### What this task involves
As the answer, give exactly the lines of the records below from the one with "The ASOS Arrange" through the one with "截至5月15日24时,海南省", ends included and pictures left out.

[Extracted records]
____________________

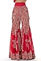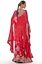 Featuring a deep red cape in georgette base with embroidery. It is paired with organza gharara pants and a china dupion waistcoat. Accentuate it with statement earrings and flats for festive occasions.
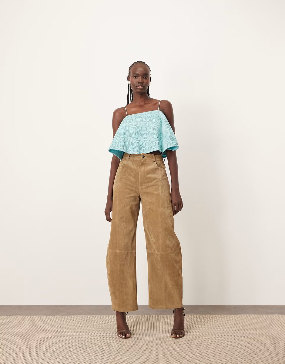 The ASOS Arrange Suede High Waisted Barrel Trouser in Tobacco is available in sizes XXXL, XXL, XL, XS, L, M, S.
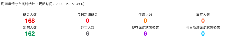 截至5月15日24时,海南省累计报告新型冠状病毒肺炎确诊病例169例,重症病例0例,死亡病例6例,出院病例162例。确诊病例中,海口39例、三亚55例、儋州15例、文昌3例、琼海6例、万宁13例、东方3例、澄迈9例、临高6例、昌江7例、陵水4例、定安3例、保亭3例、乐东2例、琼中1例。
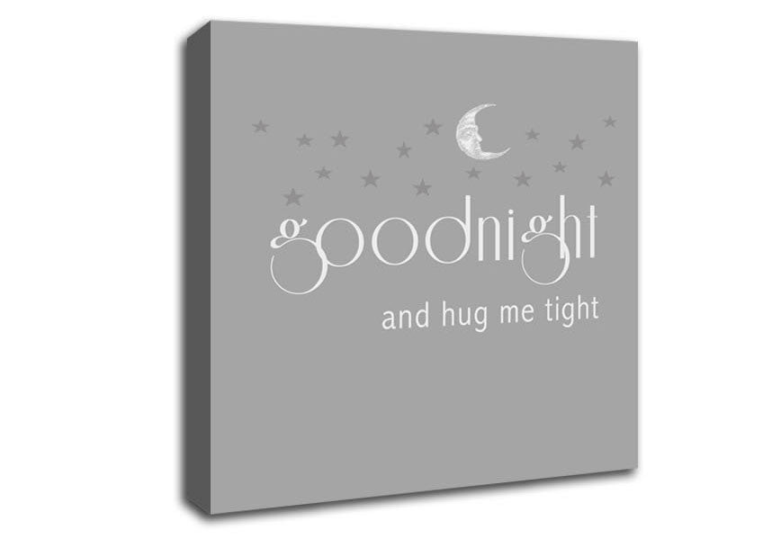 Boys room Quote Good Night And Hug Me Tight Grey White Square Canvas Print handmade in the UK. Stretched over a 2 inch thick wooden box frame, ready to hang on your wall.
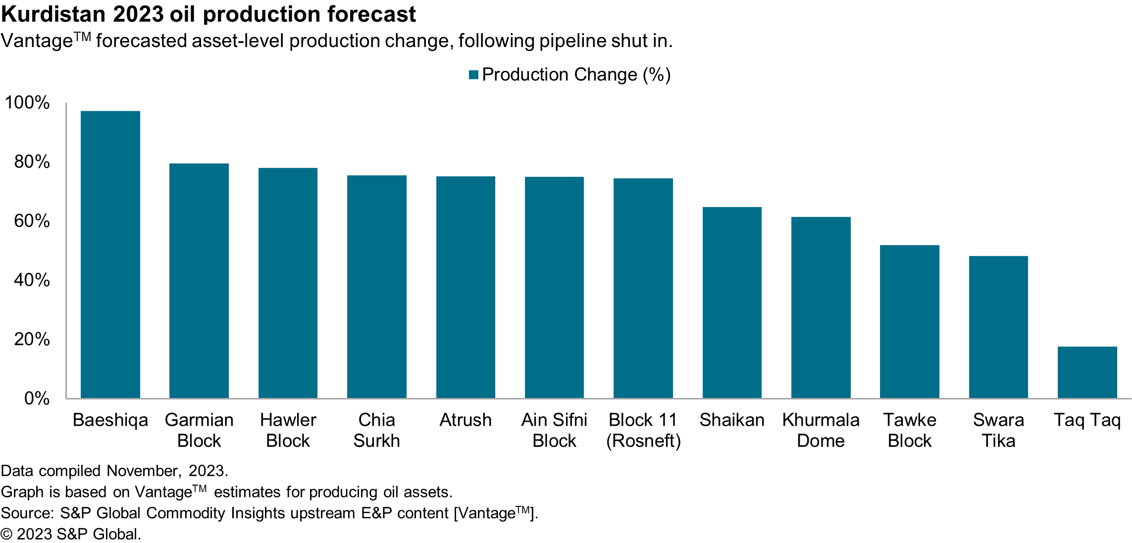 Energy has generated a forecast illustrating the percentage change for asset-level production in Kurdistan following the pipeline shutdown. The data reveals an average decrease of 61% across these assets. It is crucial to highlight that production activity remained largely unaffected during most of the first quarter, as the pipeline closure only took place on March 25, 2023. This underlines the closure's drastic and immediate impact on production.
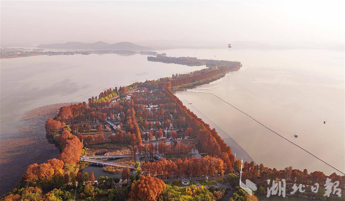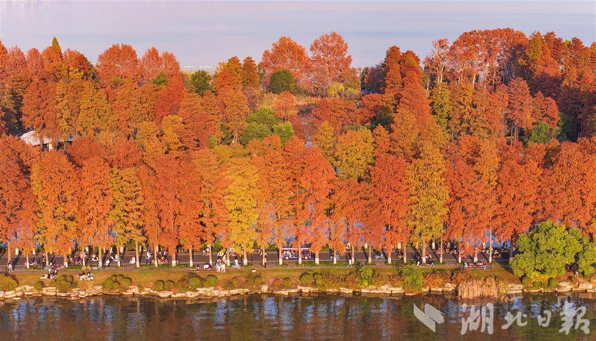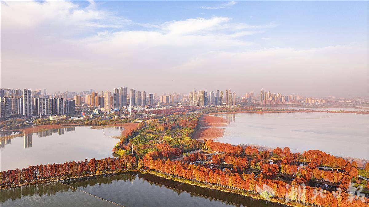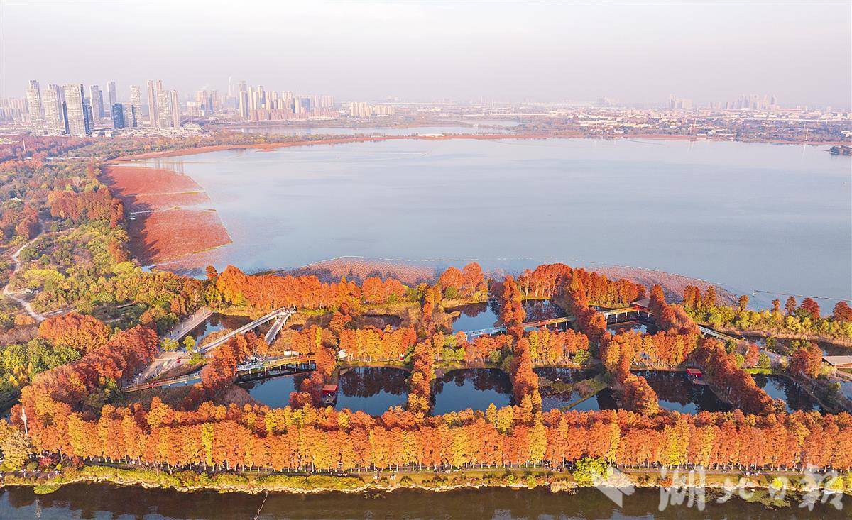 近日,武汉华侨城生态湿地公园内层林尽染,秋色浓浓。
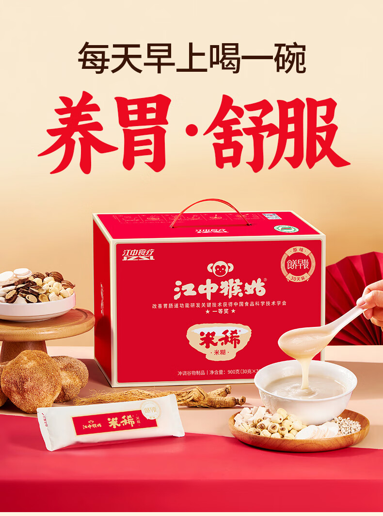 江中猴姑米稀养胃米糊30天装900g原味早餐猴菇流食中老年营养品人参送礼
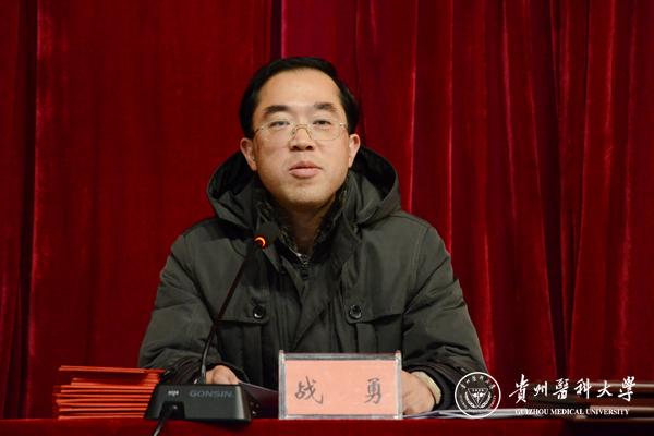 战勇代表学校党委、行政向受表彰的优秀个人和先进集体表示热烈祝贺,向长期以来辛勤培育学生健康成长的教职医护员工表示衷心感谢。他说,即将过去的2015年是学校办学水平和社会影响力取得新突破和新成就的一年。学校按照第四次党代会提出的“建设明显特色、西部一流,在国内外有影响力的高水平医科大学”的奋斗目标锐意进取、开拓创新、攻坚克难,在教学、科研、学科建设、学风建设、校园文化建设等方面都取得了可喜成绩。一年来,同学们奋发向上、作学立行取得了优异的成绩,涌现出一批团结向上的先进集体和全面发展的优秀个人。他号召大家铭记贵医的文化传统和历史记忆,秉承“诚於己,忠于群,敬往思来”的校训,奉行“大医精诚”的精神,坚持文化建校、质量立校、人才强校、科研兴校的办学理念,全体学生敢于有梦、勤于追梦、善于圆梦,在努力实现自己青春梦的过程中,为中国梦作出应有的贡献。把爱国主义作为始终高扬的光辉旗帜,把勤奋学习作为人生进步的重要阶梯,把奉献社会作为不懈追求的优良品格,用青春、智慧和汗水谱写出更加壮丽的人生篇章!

____________________

### Output for this task
 The ASOS Arrange Suede High Waisted Barrel Trouser in Tobacco is available in sizes XXXL, XXL, XL, XS, L, M, S.
 截至5月15日24时,海南省累计报告新型冠状病毒肺炎确诊病例169例,重症病例0例,死亡病例6例,出院病例162例。确诊病例中,海口39例、三亚55例、儋州15例、文昌3例、琼海6例、万宁13例、东方3例、澄迈9例、临高6例、昌江7例、陵水4例、定安3例、保亭3例、乐东2例、琼中1例。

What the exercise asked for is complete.